Security of a power system has two aspects.

1. Physical security; refers to the operation at normal parameters of the primary and secondary circuits of an electrical network on one side and generator and loads on the other side. [1]
2. Cyber security; refers to the precise operation of the cyber system. (Cyber system includes, all the computer communication and digital control devices installed in control centers, power plants and in substations.) [1],[2]

TCP / IP (Transmission Control Protocol/Internet Protocol) based cyber infrastructure has been developed and broaden significantly in the previous decade. However, the main infrastructure which we used today in power systems is the SCADA. [1]

Figure 1: SCADA in distribution network. (Picture courtesy: www.electricaltechnology.org)

SCADA- Supervisory Control and Data Acquisition

SCADA, is a large scale control system utilized in automated industrial processes. (E.g.: Power systems, steel manufacturing, municipal water supplies and etc.) Such a system is heavily capable of monitoring and controlling those processes, in real time by acquiring data from sensors at a remote station and then transferring it to a central computer system or the host that manages the operations using that information. [3]

          Components of a typical SCADA system; [4]

1. Remote Terminal Units (RTUs)- Real time PLCs (Programmable logic controls ),
2. Master Terminal Units (MTUs)- Central Host/ SCADA center
3. Communication System- Cable, radio, satellite, telephone (PABX)
4. Computer Workstations-HMI, Human Machine Interface.

Figure 2: Components of a SCADA system. (Picture courtesy: www.electricaltechnology.org)

SCADA in Automation of the Power System

Figure 3: Automation of a power system at a glance. (Picture courtesy: www.electricaltechnology.org )

Role of the SCADA in automation of a power system is outstanding. At generating stations, it does a major role to control the input flow rate to the turbine and at every time it monitors the speed and the frequency. Also it detects the current flow and line voltages and monitors the circuit breakers. [5]

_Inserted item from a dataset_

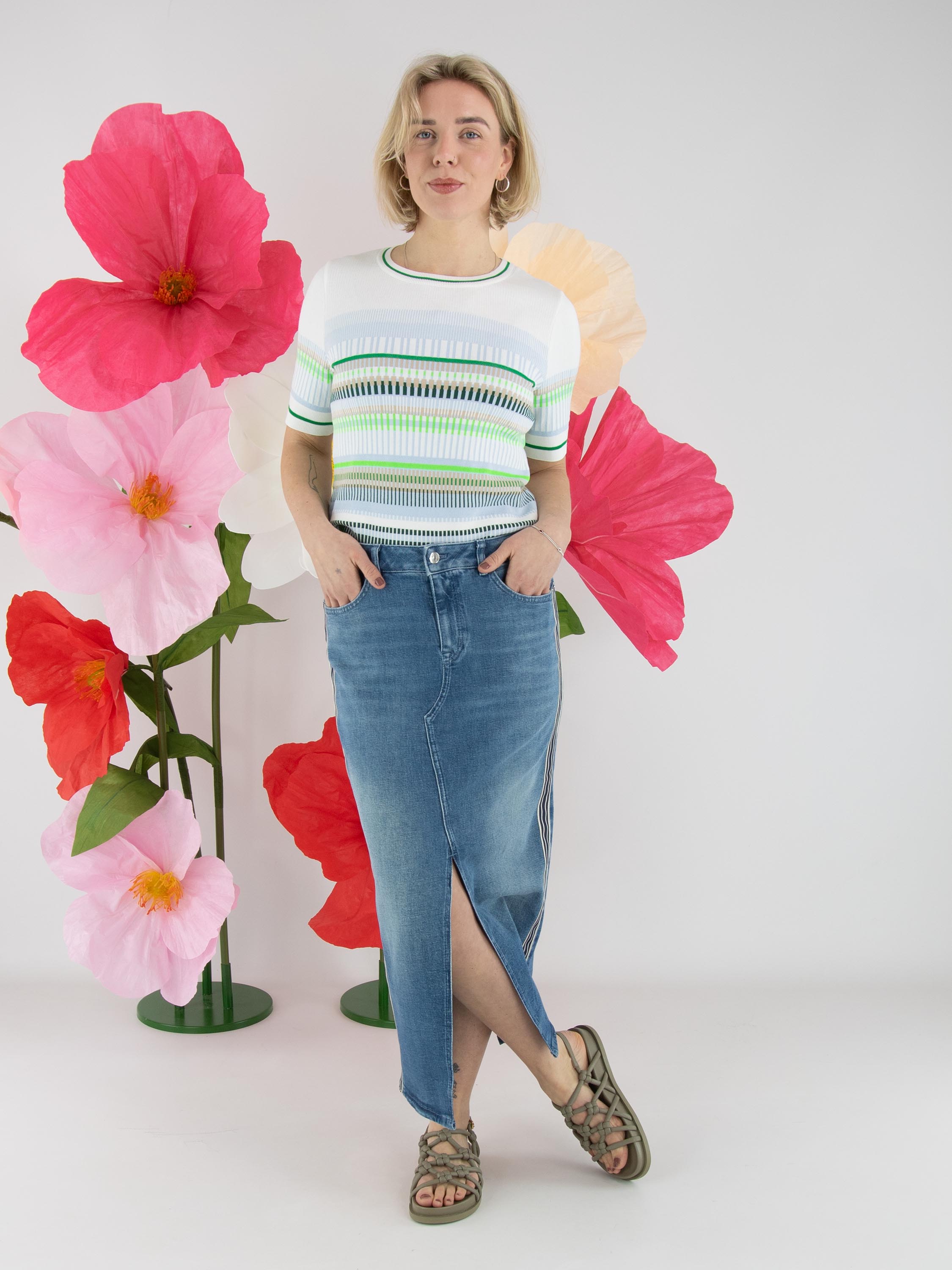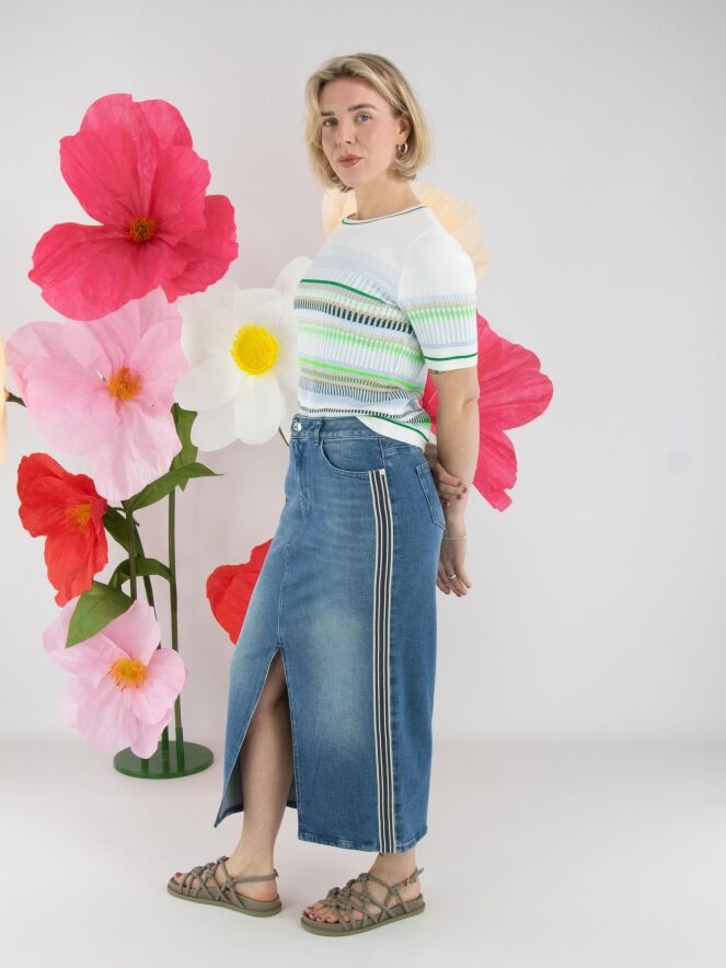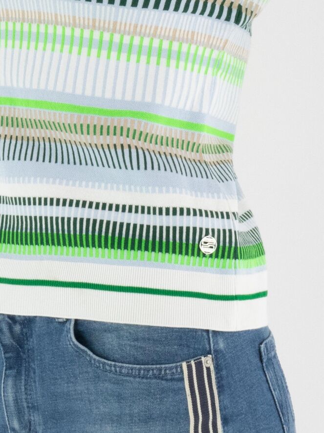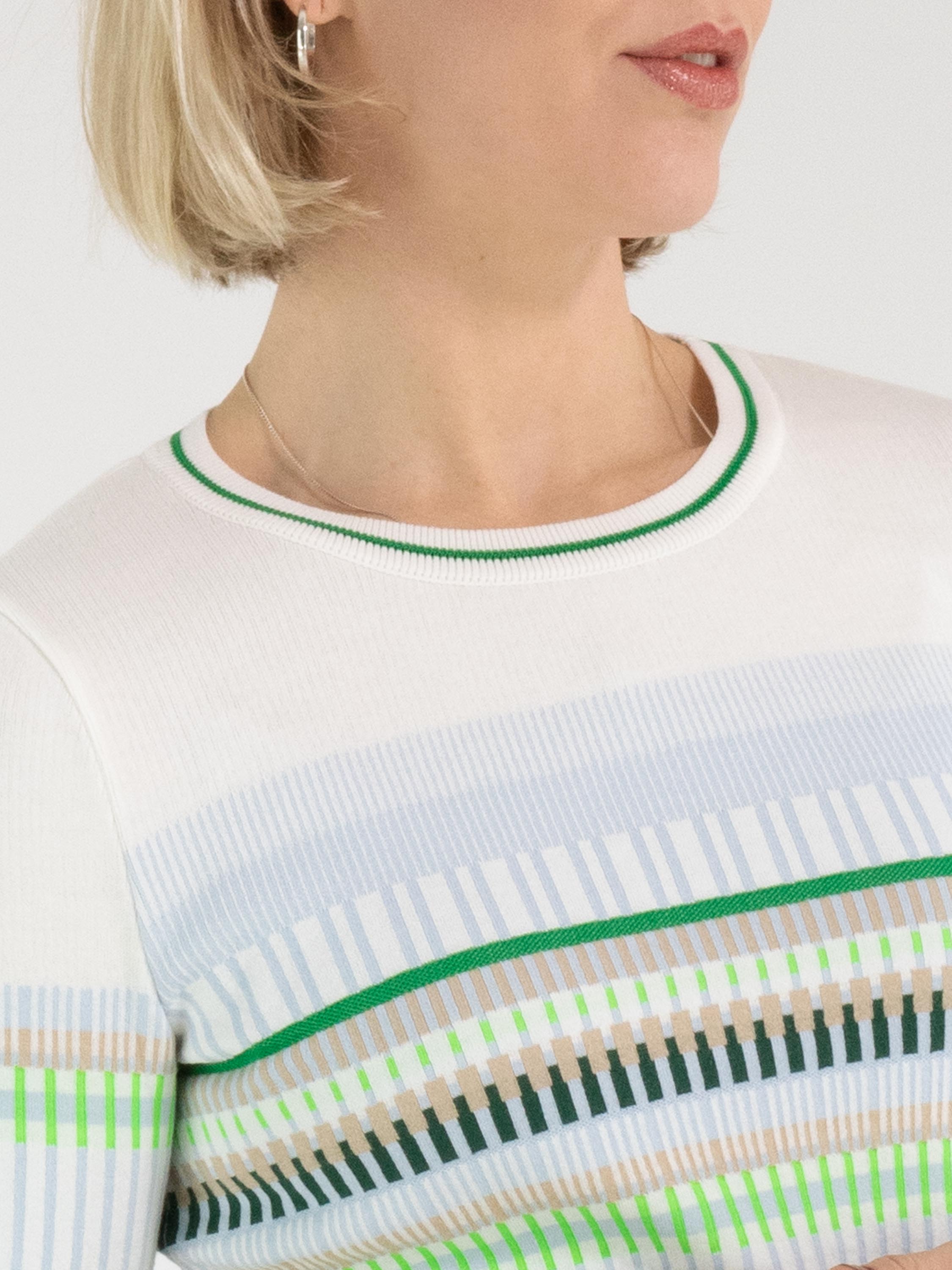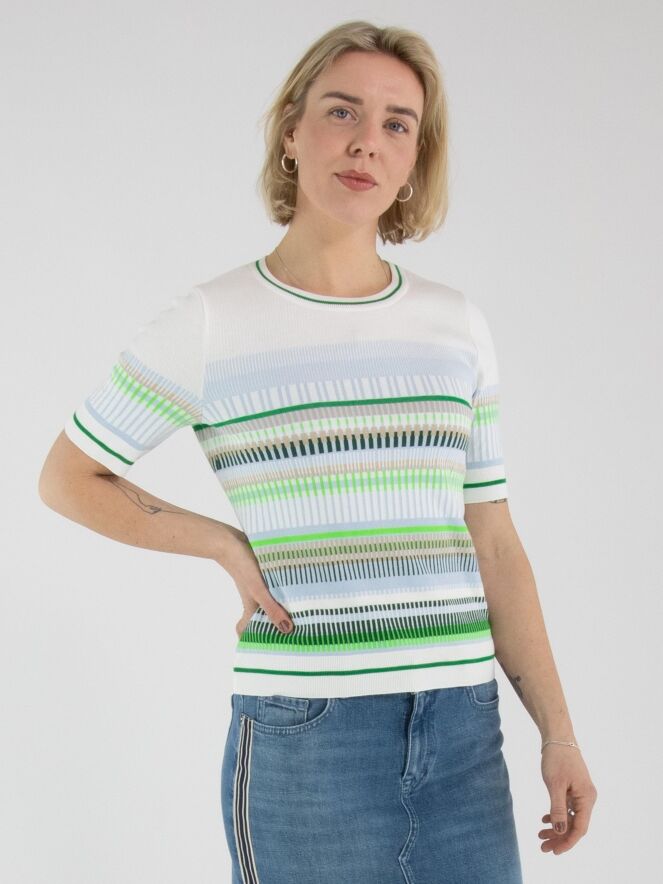 A shirt by Marc Cain featuring a striped pattern in blue, sand, light and dark green, and white. The edges of the round neckline, the hem and the short sleeves are finished with a finely ribbed knit trim featuring a striped pattern in green and cream white. This shirt can be washed at 30 degrees.

SCADA system is the foundation of the concept of Smart grid. The SCADA upgrades the performance and efficiency of the entire power system by providing the special features like real time monitoring, coordinating, controlling and operating, data trending & logging, maintaining desired voltages, current and power factor, generating alarms and etc. This eliminates the need for site visit for personnel inspection at many cases. Remote Terminal Units (RTUs) are used to perform the automatic monitoring task, protecting and controlling of various equipment.  [4]

The major functions of SCADA can be categorized into following types.  [4]

1. Substation Control
2. Feeder Control
3. End User Load Control

Substation Automation Systems (SAS) using SCADA

Operations performed; [4]

●       Bus voltage control

●       Bus load balancing

●       Circulating current control

●       Over current protection

●       Transformer thermal, earth leakage and differential protection

●       Bus earth leakage and differential protection

●       Line earth leakage, distance and differential protection

●       Gas Insulated Substation (GIS) distance control and monitoring

●       Continuous monitoring of the status of equipment

●       Collection of historical data of the substation

●       Alarm generation during electrical accidents and faults.

Process; [4]

1. Input/output (I/O) modules gather field parameters data.
• Status of switches, circuit breakers, transformers, capacitors and batteries
• Voltage and current magnitudes
2. RTUs collect I/O data and transfer to the master unit (central computer system) via network interface module.
3. The master unit receives and logs the data.
4. The master unit displays data on HMI, Human Machine Interface and generate control actions.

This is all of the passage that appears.